La normalizzazione di una dittatura

La farsa del “ritorno alla democrazia” in Honduras è completa. Il 27 gennaio Porfirio “Pepe” Lobo, uscito vincitore dalle elezioni (farsa) del 28 novembre 2009, ha assunto l’incarico di presidente. Nel disinteresse dei media italiani (per i quali la “crisi…

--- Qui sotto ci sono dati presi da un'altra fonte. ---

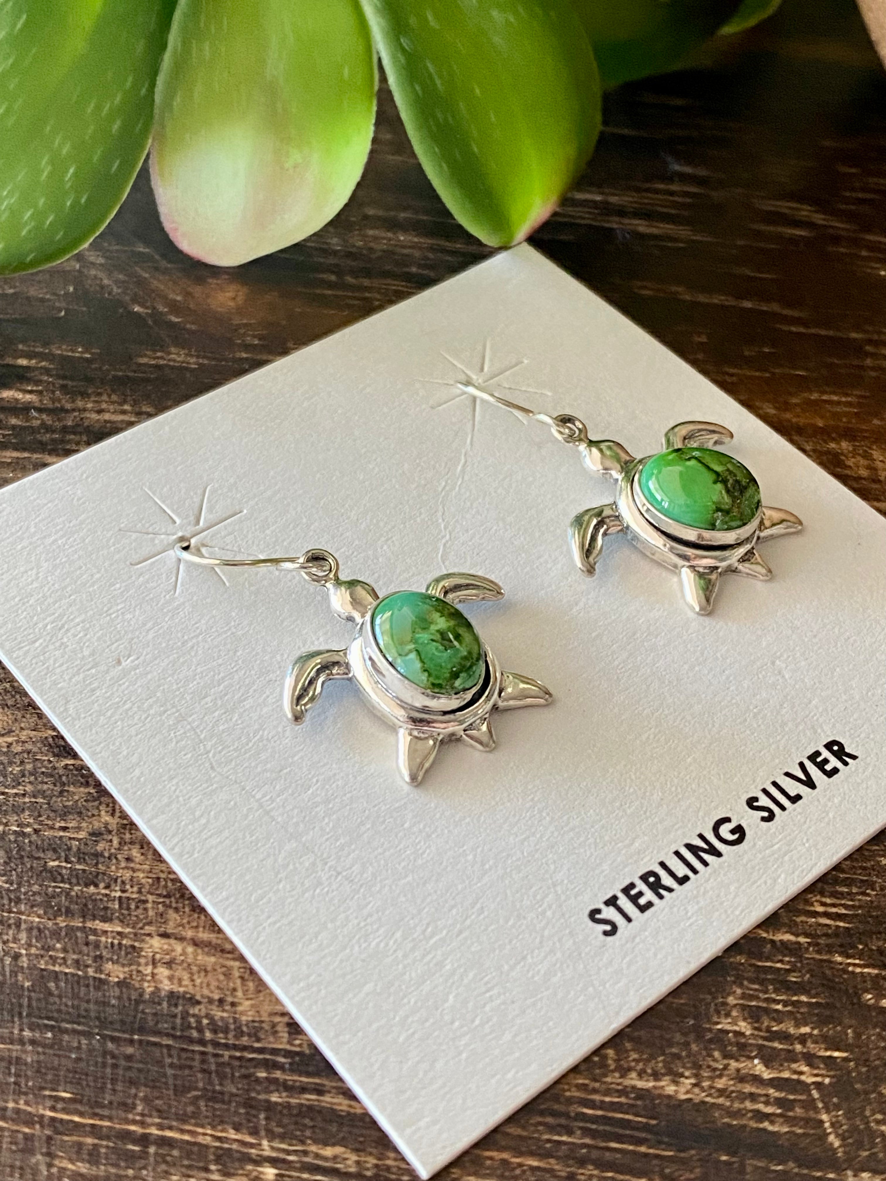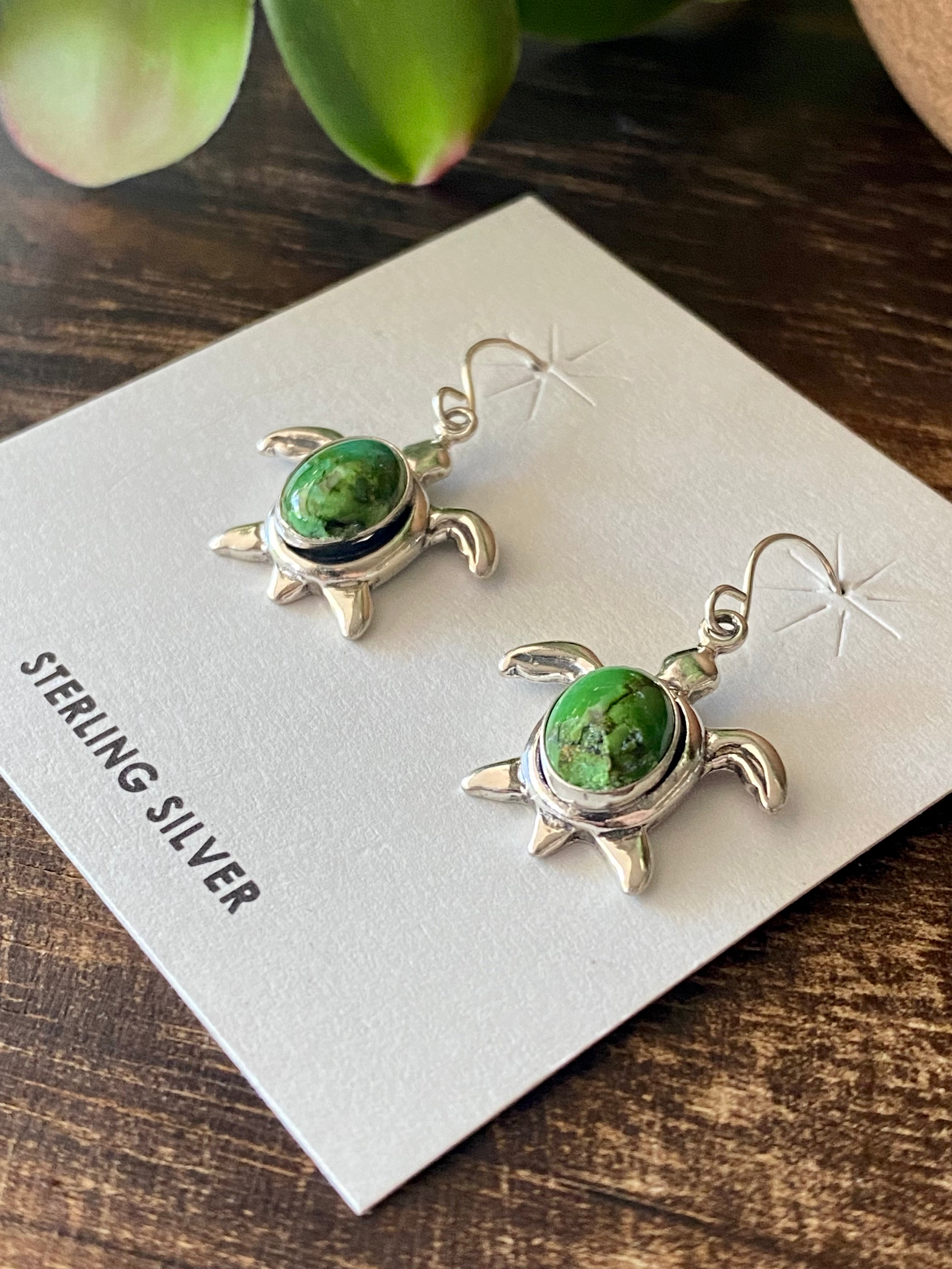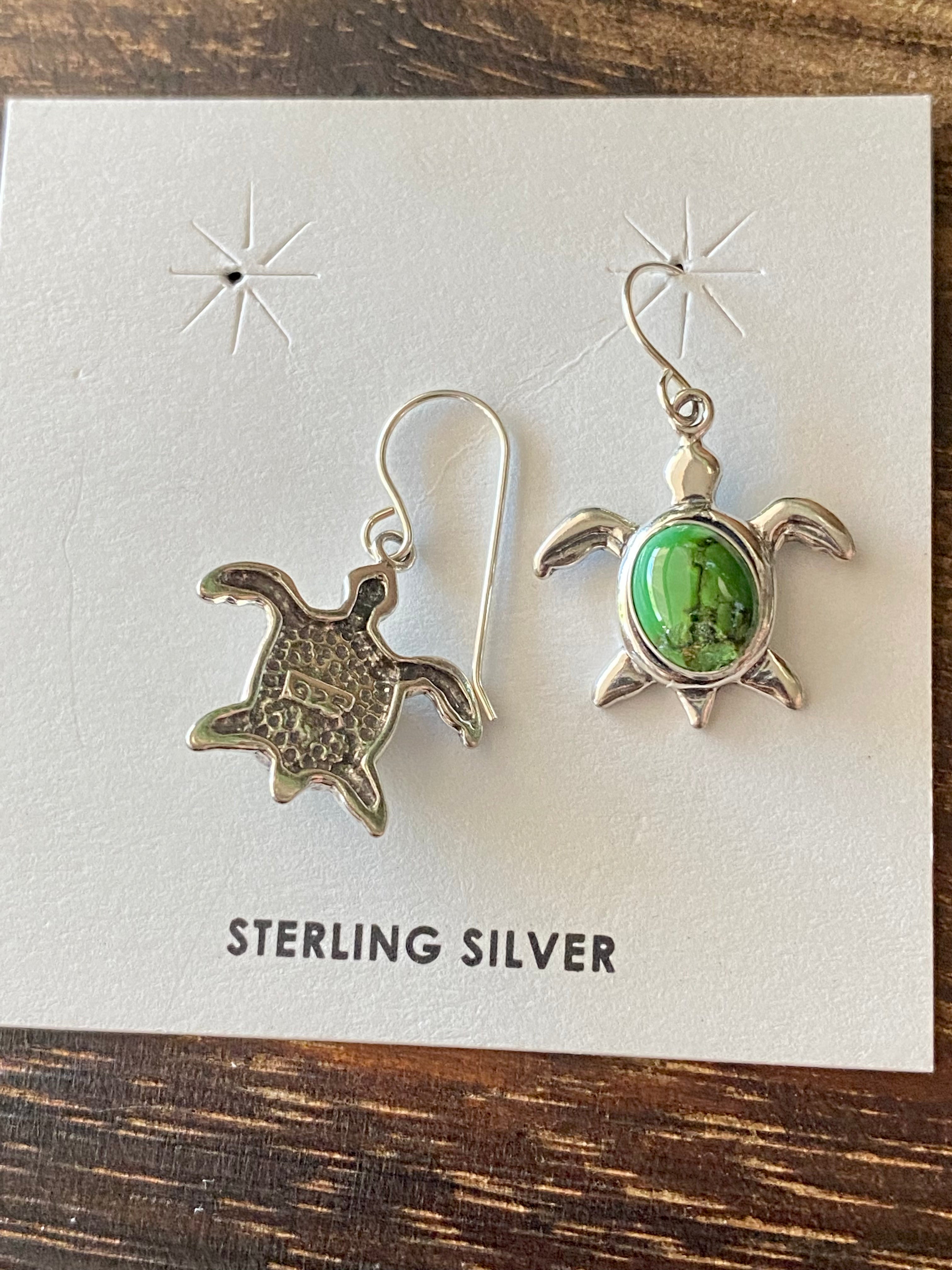 Southwest Handmade Sonoran Gold Turquoise & Sterling Silver Turtle Dangle Earrings. They measure 1 1/4 inches long and 3/4 of an inch wide. Stamped sterling silver. Stones will differ due to natural stones.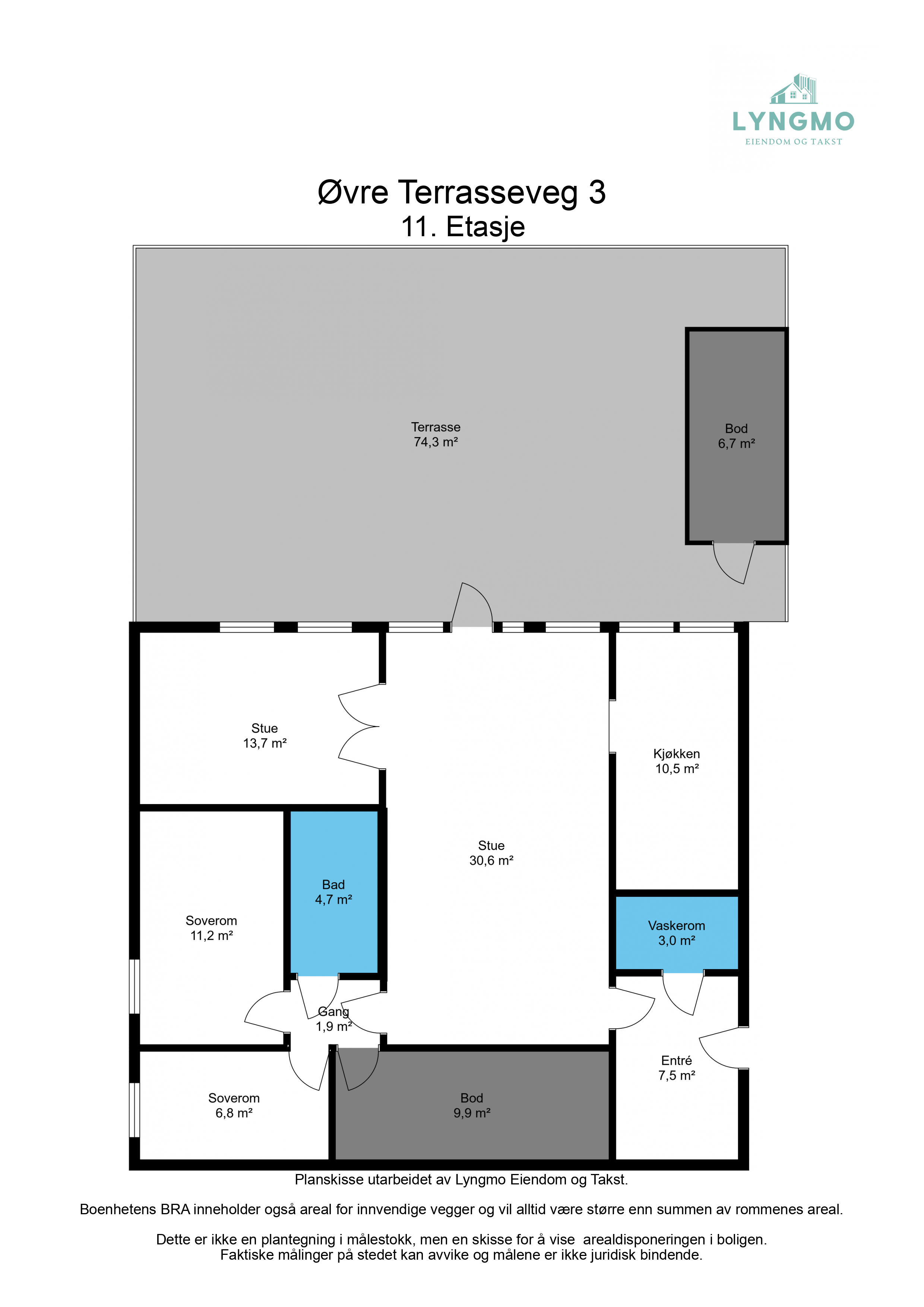 Leilighet: Entrè, vaskerom, stue, kjøkken, gang, 3 soverom, bad/wc og bod. Terrasse: Stor utvendig bod på terrassen. Elektrisk markise over stuevinduer. Fastmontert pergola med justerbar vegg.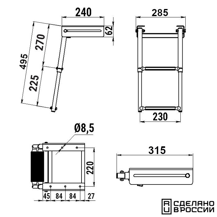 Трап телескопический выдвижной, 2 черных ступени (ширина 285 мм.)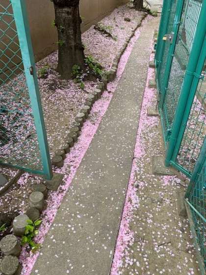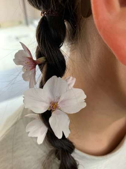 が、散った桜の花びらで、こんなことをして遊ぶ子もいます。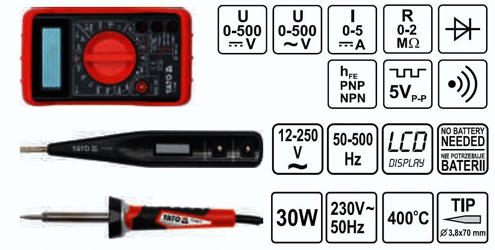 Profesionální sada elektro nářadí YATO pro elektrikáře. Vhodná do každé dílny. Vykouzlíte s ni úsměv každému kutilovi.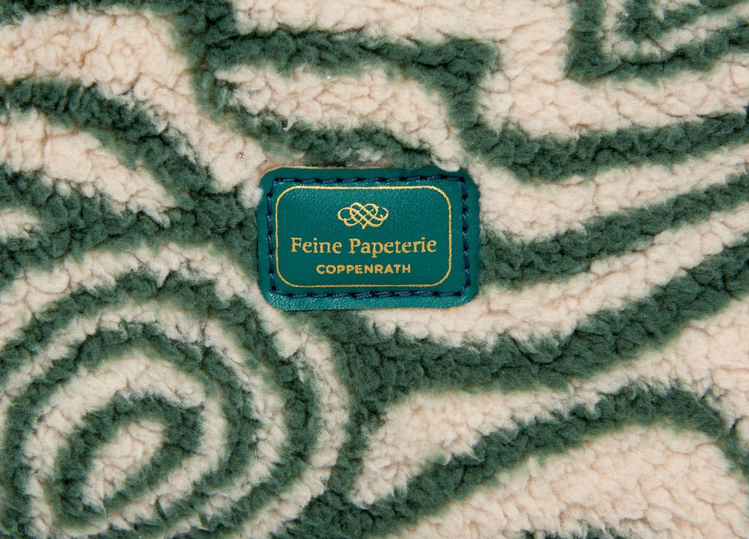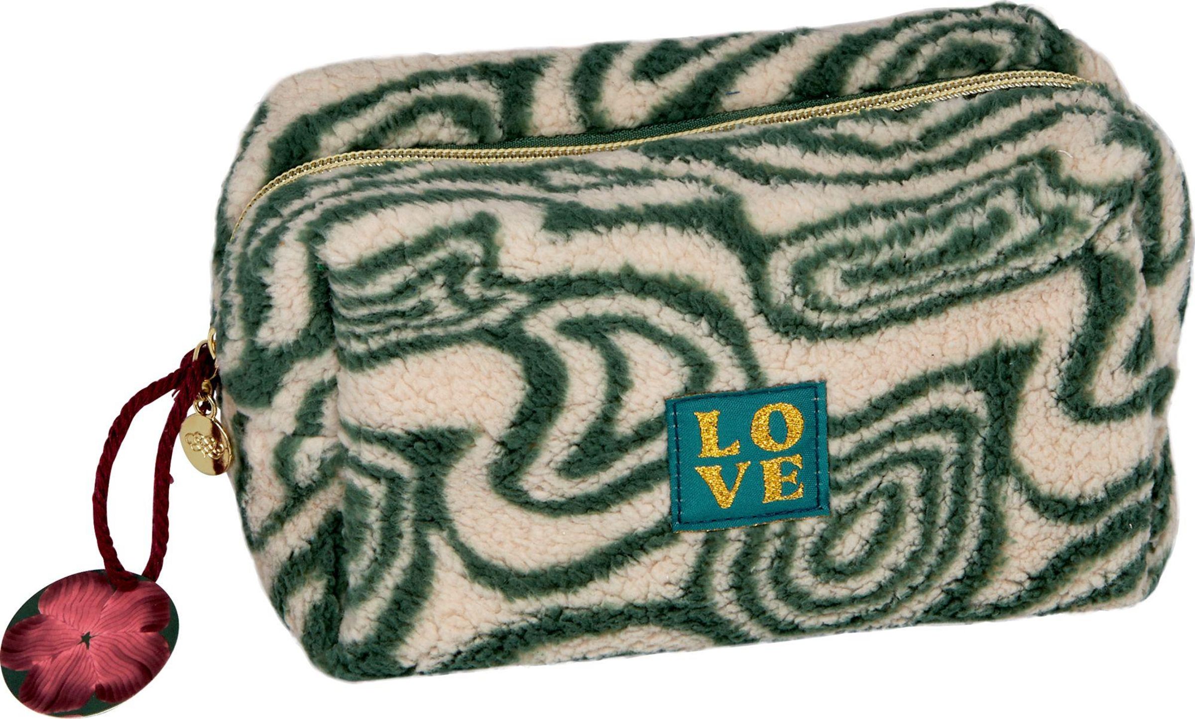 Text: "LOVE" in Gold auf grünem Hintergrund. Flauschige Tasche mit grün-weißem, wirbelndem Muster und goldenem Reißverschluss., Diverse

La farsa del “ritorno alla democrazia” in Honduras è completa. Il 27 gennaio Porfirio “Pepe” Lobo, uscito vincitore dalle elezioni (farsa) del 28 novembre 2009, ha assunto l’incarico di presidente. Nel disinteresse dei media italiani (per i quali la “crisi di governo” alias dittatura s’è chiusa il giorno della farsa elettorale, come avevamo previsto nell’articolo “Il golpe infinito”, Ae 111), lo stesso giorno Manuel “Mel” Zelaya, il presidente della Repubblica deposto dal colpo di Stato del 28 giugno scorso, è volato a San Domingo, abbandonando l’ambasciata brasiliana di Tegucigalpa, la capitale del Paese, dove ha passato gli ultimi 4 mesi come rifugiato politico.
Fine delle trasmissioni: l’ultimo colpo di Stato in America latina è finito nel dimenticatoio, e almeno nel nostro Paese nessuno racconta o fotografa le marce di protesta con migliaia di partecipanti che, come a Teheran, sfidano un potere autoritario. 
Fian International sul proprio sito pubblica un galleria di foto che ritrae i martiri della resistenza, e -insieme alle organizzazioni internazionali Cifca, Fidh, Grupo Sur, Solidarité mondiale, Alop– ha diffuso un appello: "Esigiamo giustizia, no alla impunità”, invitando a non riconoscere il nuovo governo: “La comunità internazionale non deve rendersi complice della strategia che insabbia e persona i crimini perpetrati, e deve mantenere la posizione presa dopo il colpo di Stato: condannarlo, esigire la restituzione dell’ordine democratico e costituzionale, non riconoscere il governo illegittimo, mantenere le sanzioni contro l’Honduras, esigere indagini serie sulle violazioni dei diritti umani, contribuire alla protezione dei difensori dei diritti umani, di coloro che fanno parte del movimento di resistenza, e insistere il rispetto della libertà di espressione e la protezione dei mezzi di comunicazione e di tutti coloro che sono stati vittima della repressione”.
Il 27 gennaio, “Pepe” Lobo è stato salutato da manifestazioni di protesta a Tegucigalpa e San Pedro Sula (la seconda città del Paese): “La Resistenza hondureña inizia il 2010 in lotta contro la dittatura, rifiutando le manovre dell’oligarchia che realizza per pulirsi il viso attraverso un falso processo di transizione, da Micheletti a Lobo, che lascerà intatto il sistema di dominio dello Stato da parte di una minoranza privilegiata di grandi impresari corrotti, imprese multinazionali e polizia repressiva”. E mentre Zelaya abbandona il Paese, il dittatore Micheletti viene eletto “deputato a vita”. Una trama da anni Settanta.